SOURCE MATERIAL:
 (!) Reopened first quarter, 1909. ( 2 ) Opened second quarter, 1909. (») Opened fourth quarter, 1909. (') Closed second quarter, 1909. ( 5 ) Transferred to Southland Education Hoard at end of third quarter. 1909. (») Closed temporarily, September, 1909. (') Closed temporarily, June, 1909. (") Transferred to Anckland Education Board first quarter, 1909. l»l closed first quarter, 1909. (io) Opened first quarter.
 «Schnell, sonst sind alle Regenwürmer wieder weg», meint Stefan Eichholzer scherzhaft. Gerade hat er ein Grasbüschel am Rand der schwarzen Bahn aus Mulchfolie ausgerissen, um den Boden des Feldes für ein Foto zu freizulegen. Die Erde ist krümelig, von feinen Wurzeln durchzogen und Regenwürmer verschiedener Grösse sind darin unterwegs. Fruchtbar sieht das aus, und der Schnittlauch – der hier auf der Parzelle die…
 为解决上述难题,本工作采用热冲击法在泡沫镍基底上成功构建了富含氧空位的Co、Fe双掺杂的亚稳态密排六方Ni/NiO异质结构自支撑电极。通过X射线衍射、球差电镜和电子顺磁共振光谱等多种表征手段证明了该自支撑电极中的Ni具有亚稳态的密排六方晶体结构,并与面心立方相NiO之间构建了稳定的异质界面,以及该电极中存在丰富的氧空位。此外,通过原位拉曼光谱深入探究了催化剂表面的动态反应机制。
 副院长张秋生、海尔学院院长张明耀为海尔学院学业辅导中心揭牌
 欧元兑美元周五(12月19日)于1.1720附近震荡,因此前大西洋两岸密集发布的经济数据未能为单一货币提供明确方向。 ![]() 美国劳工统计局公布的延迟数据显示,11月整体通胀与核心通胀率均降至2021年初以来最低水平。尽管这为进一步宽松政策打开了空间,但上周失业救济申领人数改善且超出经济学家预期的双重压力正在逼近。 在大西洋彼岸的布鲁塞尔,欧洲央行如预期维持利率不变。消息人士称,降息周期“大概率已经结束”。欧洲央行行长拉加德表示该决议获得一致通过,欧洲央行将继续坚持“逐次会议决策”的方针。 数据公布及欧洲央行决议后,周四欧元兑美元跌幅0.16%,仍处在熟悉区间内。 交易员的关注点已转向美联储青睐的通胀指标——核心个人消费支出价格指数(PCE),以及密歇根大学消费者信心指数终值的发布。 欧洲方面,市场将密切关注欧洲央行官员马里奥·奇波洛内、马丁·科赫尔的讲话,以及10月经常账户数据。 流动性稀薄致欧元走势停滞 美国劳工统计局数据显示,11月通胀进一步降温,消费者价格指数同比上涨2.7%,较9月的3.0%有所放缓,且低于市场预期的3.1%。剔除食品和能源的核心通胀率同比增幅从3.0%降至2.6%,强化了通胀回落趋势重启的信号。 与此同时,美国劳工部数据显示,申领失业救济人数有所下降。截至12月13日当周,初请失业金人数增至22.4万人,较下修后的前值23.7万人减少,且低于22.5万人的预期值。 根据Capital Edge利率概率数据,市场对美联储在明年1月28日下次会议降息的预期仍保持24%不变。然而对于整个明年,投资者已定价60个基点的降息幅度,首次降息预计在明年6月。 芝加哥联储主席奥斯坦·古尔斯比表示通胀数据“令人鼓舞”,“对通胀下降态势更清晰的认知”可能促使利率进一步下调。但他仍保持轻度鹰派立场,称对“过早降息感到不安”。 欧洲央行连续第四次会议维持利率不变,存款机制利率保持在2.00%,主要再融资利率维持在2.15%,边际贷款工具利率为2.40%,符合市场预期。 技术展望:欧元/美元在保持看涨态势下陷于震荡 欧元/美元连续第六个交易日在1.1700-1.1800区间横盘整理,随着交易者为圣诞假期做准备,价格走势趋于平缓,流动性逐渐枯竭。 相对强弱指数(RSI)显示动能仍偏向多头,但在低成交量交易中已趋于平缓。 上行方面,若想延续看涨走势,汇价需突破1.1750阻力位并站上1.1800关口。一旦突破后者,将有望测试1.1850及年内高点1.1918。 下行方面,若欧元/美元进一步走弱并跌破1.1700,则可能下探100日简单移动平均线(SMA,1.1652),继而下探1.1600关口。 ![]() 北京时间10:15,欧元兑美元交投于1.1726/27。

--

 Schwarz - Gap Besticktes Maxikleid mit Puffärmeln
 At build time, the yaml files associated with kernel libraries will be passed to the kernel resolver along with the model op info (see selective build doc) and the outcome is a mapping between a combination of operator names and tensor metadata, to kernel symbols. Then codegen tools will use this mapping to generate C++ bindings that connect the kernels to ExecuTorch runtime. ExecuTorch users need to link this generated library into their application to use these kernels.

...

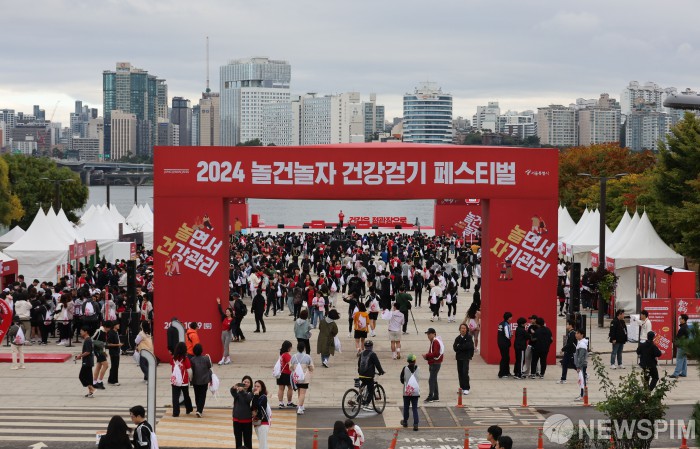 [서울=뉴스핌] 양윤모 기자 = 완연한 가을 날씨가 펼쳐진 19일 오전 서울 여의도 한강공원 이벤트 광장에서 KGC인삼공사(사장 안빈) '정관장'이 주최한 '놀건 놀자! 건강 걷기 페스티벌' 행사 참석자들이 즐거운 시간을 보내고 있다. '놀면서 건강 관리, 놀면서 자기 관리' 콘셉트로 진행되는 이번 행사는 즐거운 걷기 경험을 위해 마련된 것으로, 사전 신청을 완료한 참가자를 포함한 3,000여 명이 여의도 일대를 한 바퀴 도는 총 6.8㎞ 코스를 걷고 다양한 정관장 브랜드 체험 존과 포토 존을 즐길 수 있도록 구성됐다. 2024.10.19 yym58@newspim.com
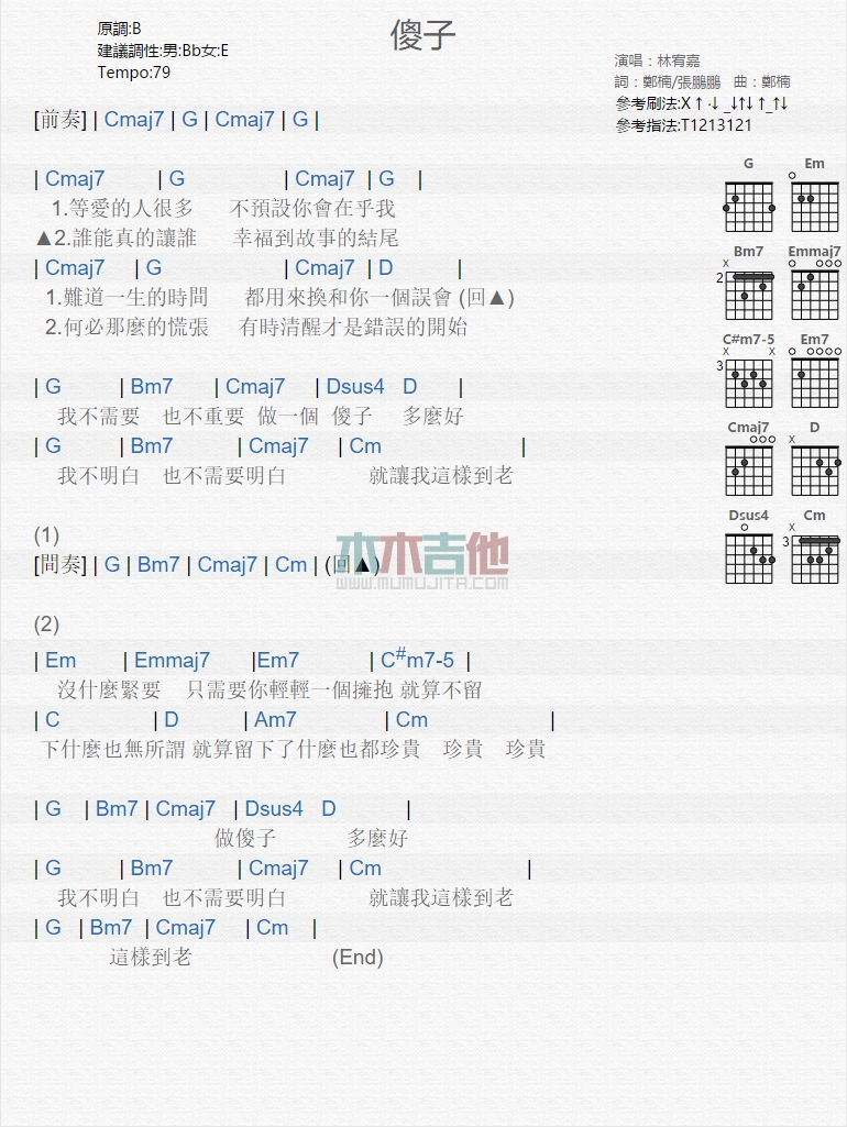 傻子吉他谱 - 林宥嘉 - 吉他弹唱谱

WHAT THIS TASK INVOLVES: What you give back should be only the lines of the records above, starting at the line with "der Parzelle die…" and ending at the line with "副院长张秋生、海尔学院院长张明耀为海尔学院学业辅导中心揭牌", restated word for word.

ANSWER BELOW:
 «Schnell, sonst sind alle Regenwürmer wieder weg», meint Stefan Eichholzer scherzhaft. Gerade hat er ein Grasbüschel am Rand der schwarzen Bahn aus Mulchfolie ausgerissen, um den Boden des Feldes für ein Foto zu freizulegen. Die Erde ist krümelig, von feinen Wurzeln durchzogen und Regenwürmer verschiedener Grösse sind darin unterwegs. Fruchtbar sieht das aus, und der Schnittlauch – der hier auf der Parzelle die…
 为解决上述难题,本工作采用热冲击法在泡沫镍基底上成功构建了富含氧空位的Co、Fe双掺杂的亚稳态密排六方Ni/NiO异质结构自支撑电极。通过X射线衍射、球差电镜和电子顺磁共振光谱等多种表征手段证明了该自支撑电极中的Ni具有亚稳态的密排六方晶体结构,并与面心立方相NiO之间构建了稳定的异质界面,以及该电极中存在丰富的氧空位。此外,通过原位拉曼光谱深入探究了催化剂表面的动态反应机制。
 副院长张秋生、海尔学院院长张明耀为海尔学院学业辅导中心揭牌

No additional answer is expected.